Studien sind oft nicht streng genug

Die Berner Bestrebungen sind kein Einzelfall. Forscher der University of Cambridge identifizierten über 2200 Studien, die im letzten Jahr veröffentlicht wurden und maschinelles Lernen zur Erkennung von Coronavirus-Infektionen in Röntgenbildern und Lungenscans verwendeten.

Nach Analyse der 62 überzeugendsten Studien ziehen die britischen Forschern in ihrer Arbeit: "Common pitfalls and recommendations for using machine learning to detect and prognosticate for Covid-19 using chest radiographs and CT scans" allerdings ein wenig schmeichelhaftes Fazit:

"Aufgrund methodischer Mängel und/oder zugrundeliegenden Verzerrungen verfügt keine der Studien über klinischen Nutzen. Dazu gehören etwa Mängel in Bezug auf Bilddaten (Zuverlässigkeit und Verzerrung der Quellen, Aggregation disparater Datensätze) als auch die vorschnell eingesetzten Methoden (Verwendung nicht repräsentativer Populationen, Nichtberücksichtigung von Testfehlern)".

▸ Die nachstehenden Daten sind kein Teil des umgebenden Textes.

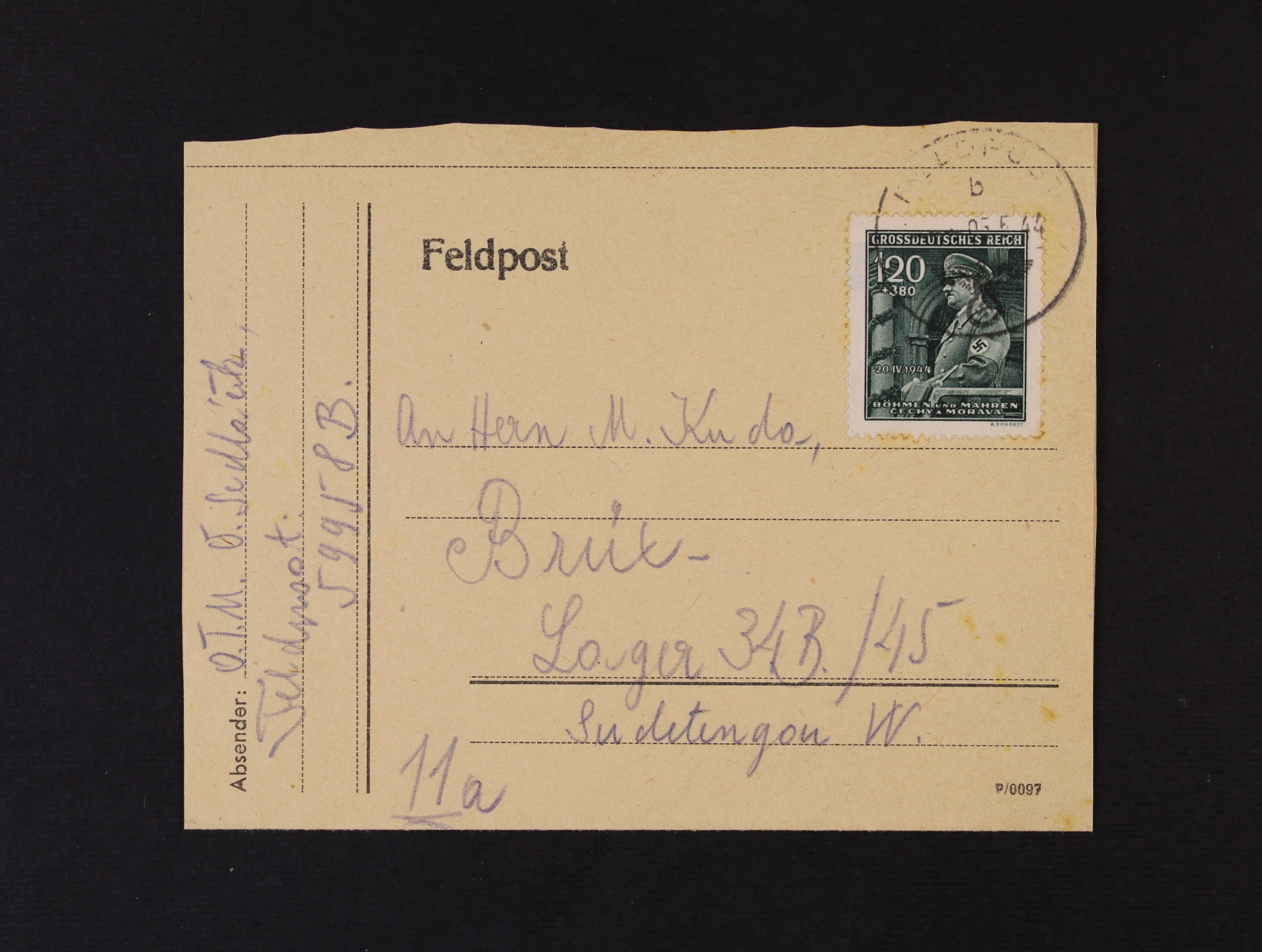 předtištěná zálepka PP od příslušníka O. T. M., frank. protektor. zn. a zaslaná do Lagru 34 B/45 Brüx, pod. raz. FELDPOST 5.5.44, zajímavé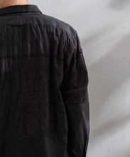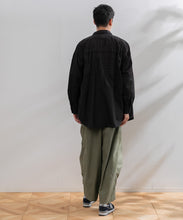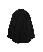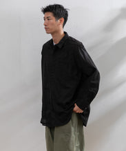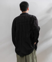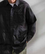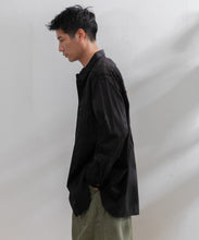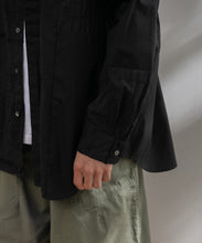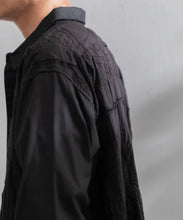 レースなどの異素材を組み合わせて作ったカラーシャツ。異素材MIXながらも、1トーンでまとめておりシックな印象。一見シンプルなシャツながら、近くで見るとものづくりへのこだわりが感じられる一枚です。比翼仕立てでスマートな雰囲気。一枚で着るのはもちろん、長めの着丈なのでアウター感覚で羽織ってもまとまる、万能なアイテムです。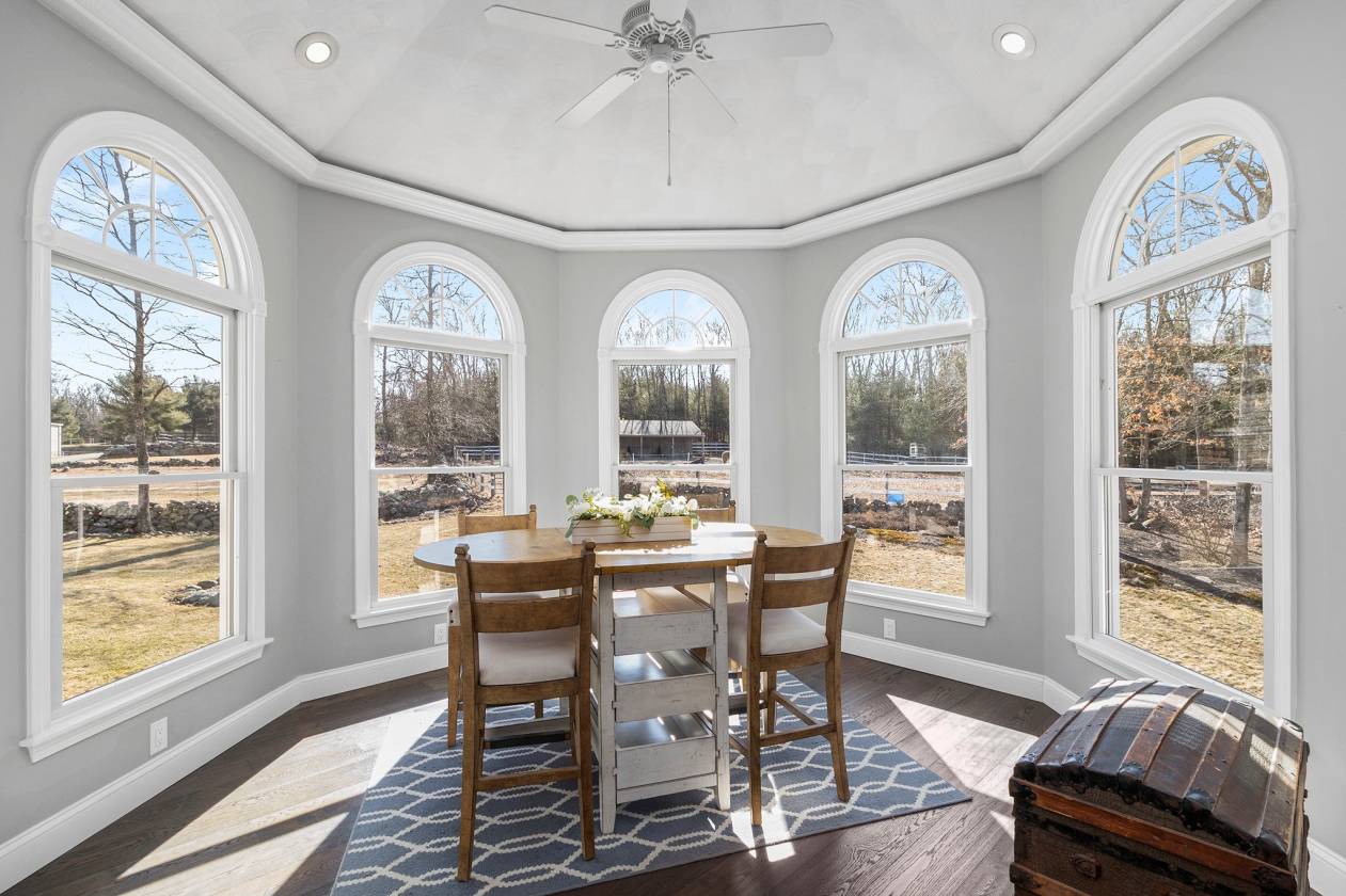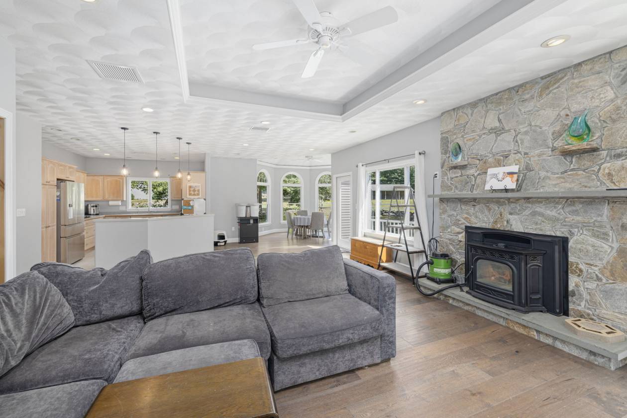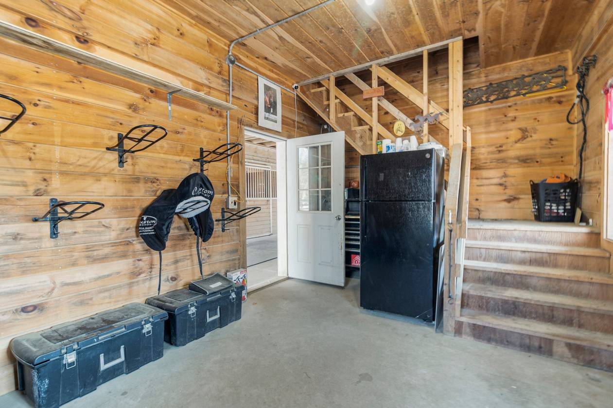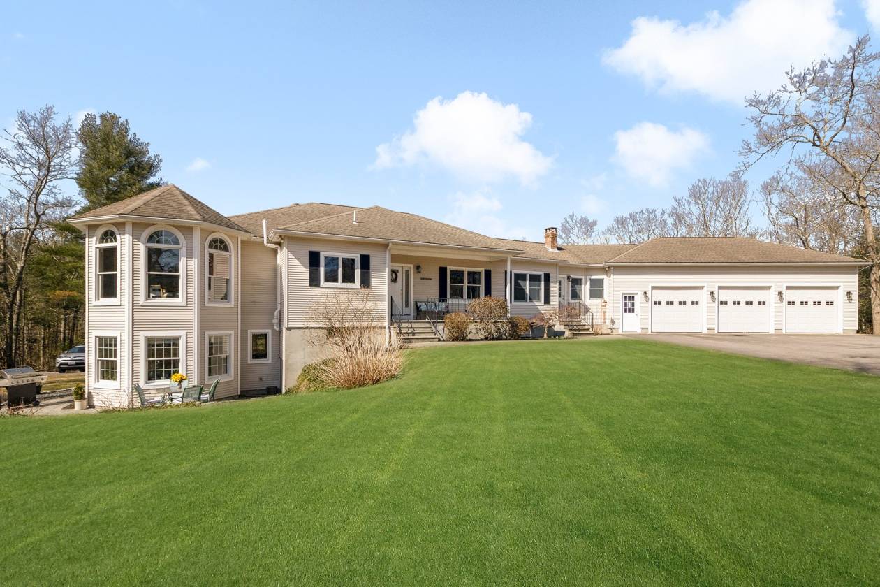 Hidden Horse Acres offers the perfect blend of a meticulously maintained family home and a premier equestrian facility, set on 13.99 private acres just minutes from the sought-after Southern Rhode Island coastal lifestyle. Built in 2002, this custom home was designed for sunlight, comfort, and connection to its surroundings. The open-concept living area features a striking stone fireplace, oversized windows that flood the space with natural sunlight, and a wrap-around deck with tranquil views of the barn, fields, and treed landscape. The main level includes three bedrooms and two-and-a-half baths, creating space for everyone to enjoy their own retreat. The fully equipped walk-out lower level offers a private, sun-filled living area with one bedroom, one bath, and a fireplaced great room with eat-in-kitchen, ideal for an adult child, parent ,or trainer. Equestrian amenities are truly top-tier. The indoor arena (60' x 120') features Geotextile Fiber footing, complemented by a 75' x 200' outdoor arena with automatic watering system, and a round pen area, each with the same Geotextile footing. The main barn provides six stalls with individual runouts, and an additional nine stalls bring the total capacity to fifteen horses. Some extras: solar power (barn), sprinkler system for the outdoor ring, whole-house and barn generator, two sets of washer/dryer. Classic stone walls weave throughout the property, adding timeless Southern Rhode Island charm. It's time to bring the horses home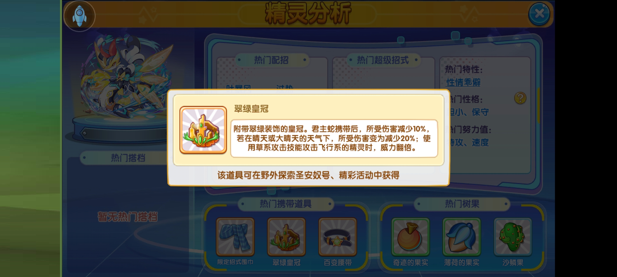 【翠绿皇冠】:君主蛇携带后,使用草系攻击技能攻击飞行系的精灵时,威力翻倍,所受伤害减少10%,若在晴天或大晴天的天气下,所受伤害变为减少20%,该道具需要各位留意各种大型兑换活动,属于不可多得的白嫖道具,基本只需要五千到一万的钻石即可获得,携带此道具主要也是用来针对飞行系和减伤,有时候还可以丝血反杀。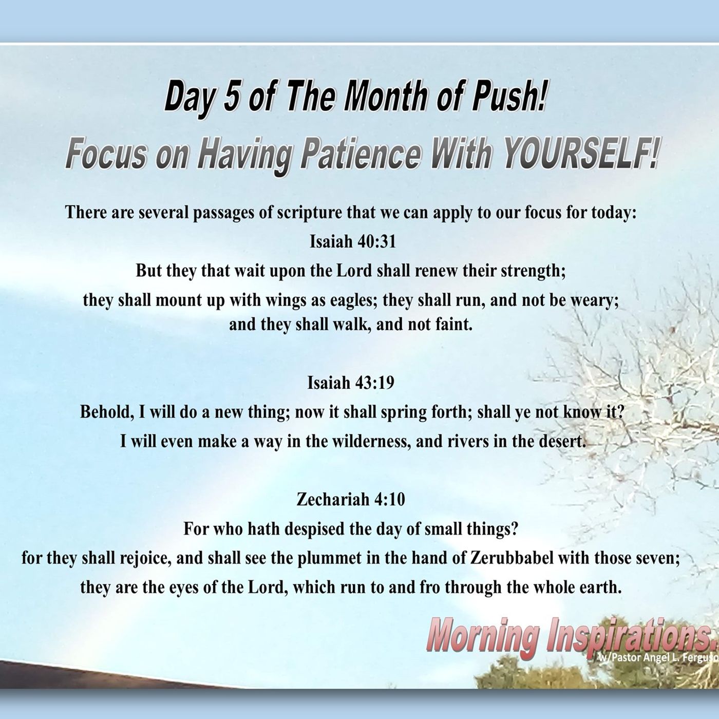 Join Pastor Angel L Ferguson each week for words of encouragemt through the Holy Inspired Word of God.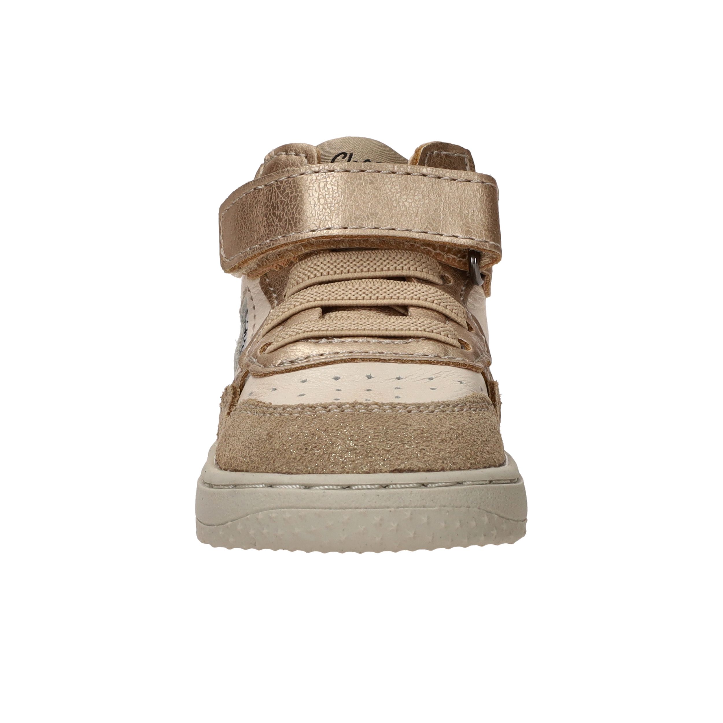 Deze glanzende Shoesme Baby-Proof klittenbandschoenen in champagnekleur zijn perfect voor meisjes die hun eerste stapjes zetten. Het kunstleren bovenwerk met metallic finish maakt ze feestelijk én praktisch, terwijl de leren voering zorgt voor een zacht en ademend gevoel. Dankzij de flexibele zool en de stevige pasvorm biedt deze klittenbandschoen optimale ondersteuning bij elke beweging. De klittenbandsluiting maakt het aan- en uittrekken extra gemakkelijk voor ouder én kind.
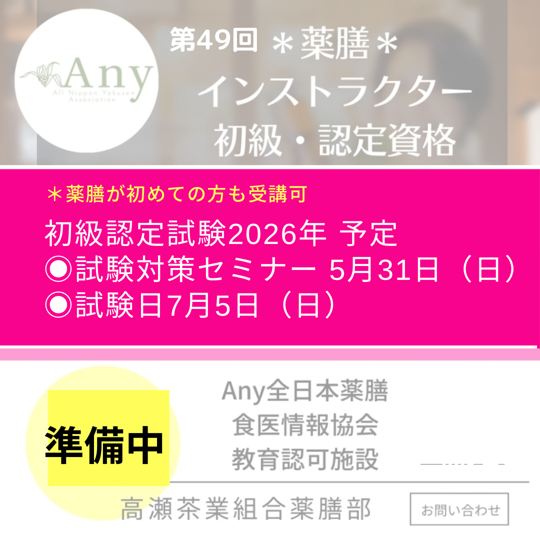 2026年春 第49回薬膳インストラクター🔴初級認定資格試験対策セミナー&試験(香川県三豊市 2026年春 第49回薬膳インストラクター🔴初級認定資格試験対策セミナー&試験(香川県三豊市 (ma-055-syo49) 準備中 詳細が決まり次第ご案内いたします。 お日にちの確保をよろしくお願いいたします。 2026年薬膳インストラクタ―初級 開催予定日 試験対策セミナー 5月31日(日) 試験日 7月5日(日) 準備中 在庫状態 : 在庫有り ¥0(税込) 数量1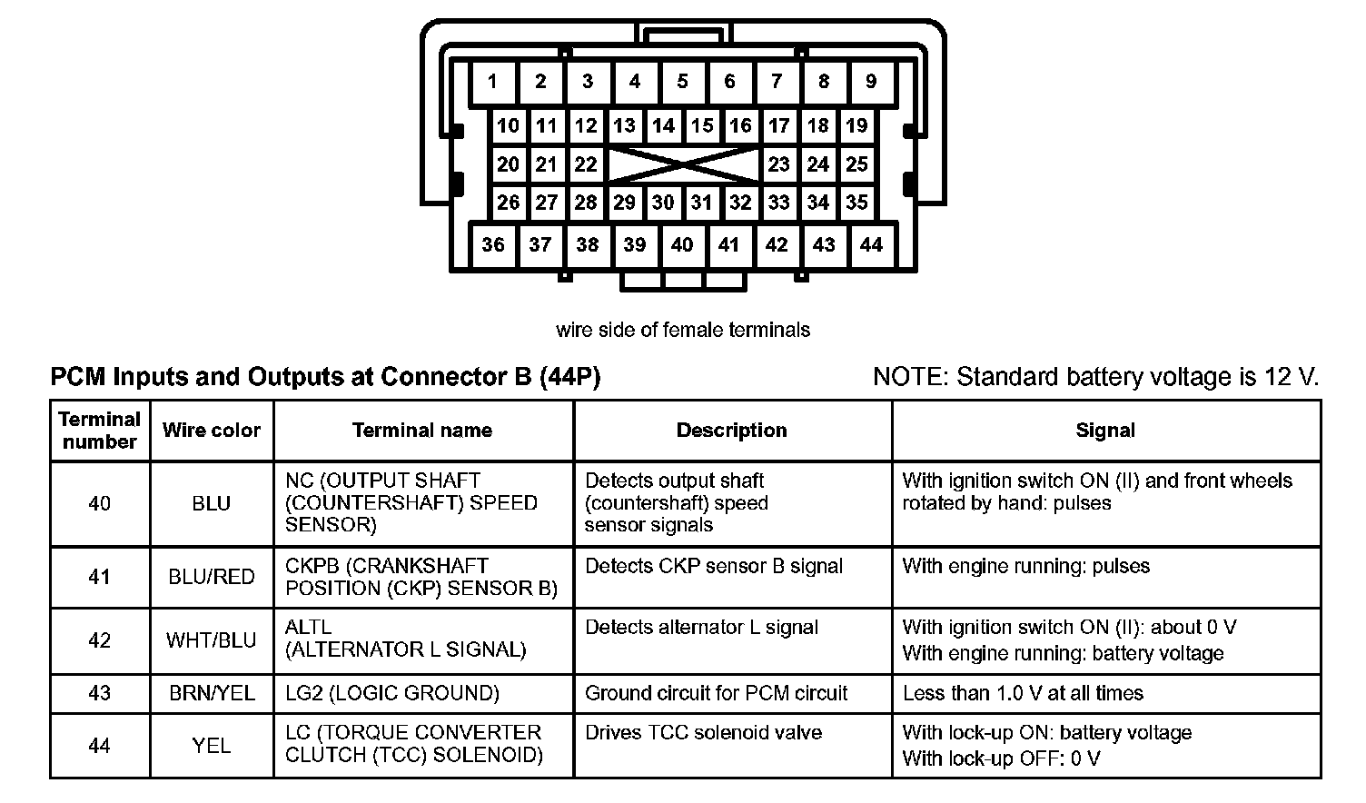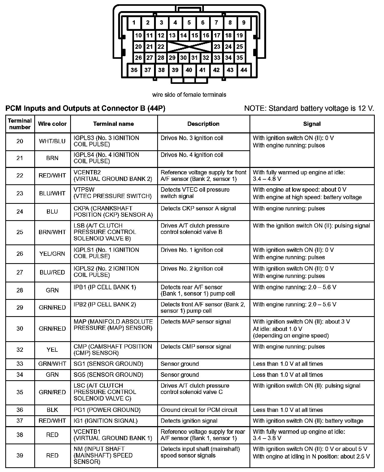 PCM Inputs And Outputs At Connector B (44P) Part 3:

Das Inselspital legt Wert darauf, dass die aktuell in Bern durchgeführte Studie nicht Teil der britischen Untersuchungen war, wie die Kommunikationsabteilung des Spitals mitteilt.

Fachnähe verbessert die Zusammenarbeit

Ausser den Empfehlungen zur Behebung technischer Unzulänglichkeiten fordern die britischen Forscher die Entwickler zu einer engeren Zusammenarbeit mit Fachkräften auf: "Die komplexe Verknüpfung jedes KI-Algorithmus zur Erkennung, Diagnose oder Prognose von Covid-19-Infektionen mit einem klaren klinischen Bedarf ist für eine erfolgreiche Anwendung unerlässlich. Die Entwicklung von KI-Algorithmen erfordert daher komplementäres, rechnerisches und klinisches Fachwissen sowie qualitativ hochwertige Gesundheitsdaten. Aussagekräftige Bewertungen über den Algorithmus erfolgen am ehesten in klinischen Umgebungen." Genau darauf achteten die Forschenden am Inselspital, wie dessen Kommunikationsabteilung mitteilt.